What you should do: Repeat the whole of the data, keeping every detail the same.

*** Opening Exercise material ***

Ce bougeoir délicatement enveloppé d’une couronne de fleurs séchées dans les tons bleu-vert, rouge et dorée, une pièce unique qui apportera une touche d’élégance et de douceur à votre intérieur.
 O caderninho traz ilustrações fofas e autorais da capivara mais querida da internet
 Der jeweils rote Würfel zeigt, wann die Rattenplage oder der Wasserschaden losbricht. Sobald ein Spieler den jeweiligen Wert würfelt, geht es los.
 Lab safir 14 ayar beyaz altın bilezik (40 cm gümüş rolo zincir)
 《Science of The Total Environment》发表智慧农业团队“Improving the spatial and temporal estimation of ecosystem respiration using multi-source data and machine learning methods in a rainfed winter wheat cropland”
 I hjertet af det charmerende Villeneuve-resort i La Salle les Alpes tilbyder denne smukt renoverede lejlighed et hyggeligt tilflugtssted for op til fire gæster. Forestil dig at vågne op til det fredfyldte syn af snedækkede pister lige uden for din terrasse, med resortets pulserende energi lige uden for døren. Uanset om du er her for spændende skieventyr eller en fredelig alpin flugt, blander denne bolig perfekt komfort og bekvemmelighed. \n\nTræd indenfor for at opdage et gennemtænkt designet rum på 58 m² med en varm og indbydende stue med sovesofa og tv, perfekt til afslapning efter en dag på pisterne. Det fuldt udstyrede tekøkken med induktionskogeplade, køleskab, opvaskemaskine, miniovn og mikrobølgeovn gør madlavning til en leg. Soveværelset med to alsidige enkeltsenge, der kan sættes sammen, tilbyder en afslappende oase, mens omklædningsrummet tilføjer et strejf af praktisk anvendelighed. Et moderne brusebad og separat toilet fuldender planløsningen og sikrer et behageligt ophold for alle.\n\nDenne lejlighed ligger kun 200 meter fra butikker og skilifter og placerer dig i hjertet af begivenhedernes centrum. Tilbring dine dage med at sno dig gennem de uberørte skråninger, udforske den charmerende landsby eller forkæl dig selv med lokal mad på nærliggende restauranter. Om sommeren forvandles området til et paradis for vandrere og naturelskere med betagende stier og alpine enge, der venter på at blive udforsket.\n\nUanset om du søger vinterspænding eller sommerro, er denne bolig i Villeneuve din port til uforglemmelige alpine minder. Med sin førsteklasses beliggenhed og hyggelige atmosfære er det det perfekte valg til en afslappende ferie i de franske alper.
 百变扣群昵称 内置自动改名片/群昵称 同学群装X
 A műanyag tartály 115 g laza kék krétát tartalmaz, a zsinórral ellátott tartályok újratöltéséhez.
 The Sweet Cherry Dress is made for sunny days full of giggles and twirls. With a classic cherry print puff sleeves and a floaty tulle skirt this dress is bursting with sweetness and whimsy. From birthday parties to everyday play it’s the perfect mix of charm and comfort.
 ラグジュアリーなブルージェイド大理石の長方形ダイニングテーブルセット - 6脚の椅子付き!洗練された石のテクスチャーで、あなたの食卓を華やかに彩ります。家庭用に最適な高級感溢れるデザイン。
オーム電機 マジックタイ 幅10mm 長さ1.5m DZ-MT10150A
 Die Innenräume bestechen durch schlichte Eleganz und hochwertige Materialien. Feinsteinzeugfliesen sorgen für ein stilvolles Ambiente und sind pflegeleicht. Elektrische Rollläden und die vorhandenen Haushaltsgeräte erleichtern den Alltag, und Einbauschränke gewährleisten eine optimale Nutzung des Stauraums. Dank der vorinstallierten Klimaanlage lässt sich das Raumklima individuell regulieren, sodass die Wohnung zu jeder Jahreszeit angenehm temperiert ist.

*** Closing Exercise material ***

Expected answer:
Ce bougeoir délicatement enveloppé d’une couronne de fleurs séchées dans les tons bleu-vert, rouge et dorée, une pièce unique qui apportera une touche d’élégance et de douceur à votre intérieur.
 O caderninho traz ilustrações fofas e autorais da capivara mais querida da internet
 Der jeweils rote Würfel zeigt, wann die Rattenplage oder der Wasserschaden losbricht. Sobald ein Spieler den jeweiligen Wert würfelt, geht es los.
 Lab safir 14 ayar beyaz altın bilezik (40 cm gümüş rolo zincir)
 《Science of The Total Environment》发表智慧农业团队“Improving the spatial and temporal estimation of ecosystem respiration using multi-source data and machine learning methods in a rainfed winter wheat cropland”
 I hjertet af det charmerende Villeneuve-resort i La Salle les Alpes tilbyder denne smukt renoverede lejlighed et hyggeligt tilflugtssted for op til fire gæster. Forestil dig at vågne op til det fredfyldte syn af snedækkede pister lige uden for din terrasse, med resortets pulserende energi lige uden for døren. Uanset om du er her for spændende skieventyr eller en fredelig alpin flugt, blander denne bolig perfekt komfort og bekvemmelighed. \n\nTræd indenfor for at opdage et gennemtænkt designet rum på 58 m² med en varm og indbydende stue med sovesofa og tv, perfekt til afslapning efter en dag på pisterne. Det fuldt udstyrede tekøkken med induktionskogeplade, køleskab, opvaskemaskine, miniovn og mikrobølgeovn gør madlavning til en leg. Soveværelset med to alsidige enkeltsenge, der kan sættes sammen, tilbyder en afslappende oase, mens omklædningsrummet tilføjer et strejf af praktisk anvendelighed. Et moderne brusebad og separat toilet fuldender planløsningen og sikrer et behageligt ophold for alle.\n\nDenne lejlighed ligger kun 200 meter fra butikker og skilifter og placerer dig i hjertet af begivenhedernes centrum. Tilbring dine dage med at sno dig gennem de uberørte skråninger, udforske den charmerende landsby eller forkæl dig selv med lokal mad på nærliggende restauranter. Om sommeren forvandles området til et paradis for vandrere og naturelskere med betagende stier og alpine enge, der venter på at blive udforsket.\n\nUanset om du søger vinterspænding eller sommerro, er denne bolig i Villeneuve din port til uforglemmelige alpine minder. Med sin førsteklasses beliggenhed og hyggelige atmosfære er det det perfekte valg til en afslappende ferie i de franske alper.
 百变扣群昵称 内置自动改名片/群昵称 同学群装X
 A műanyag tartály 115 g laza kék krétát tartalmaz, a zsinórral ellátott tartályok újratöltéséhez.
 The Sweet Cherry Dress is made for sunny days full of giggles and twirls. With a classic cherry print puff sleeves and a floaty tulle skirt this dress is bursting with sweetness and whimsy. From birthday parties to everyday play it’s the perfect mix of charm and comfort.
 ラグジュアリーなブルージェイド大理石の長方形ダイニングテーブルセット - 6脚の椅子付き!洗練された石のテクスチャーで、あなたの食卓を華やかに彩ります。家庭用に最適な高級感溢れるデザイン。
オーム電機 マジックタイ 幅10mm 長さ1.5m DZ-MT10150A
 Die Innenräume bestechen durch schlichte Eleganz und hochwertige Materialien. Feinsteinzeugfliesen sorgen für ein stilvolles Ambiente und sind pflegeleicht. Elektrische Rollläden und die vorhandenen Haushaltsgeräte erleichtern den Alltag, und Einbauschränke gewährleisten eine optimale Nutzung des Stauraums. Dank der vorinstallierten Klimaanlage lässt sich das Raumklima individuell regulieren, sodass die Wohnung zu jeder Jahreszeit angenehm temperiert ist.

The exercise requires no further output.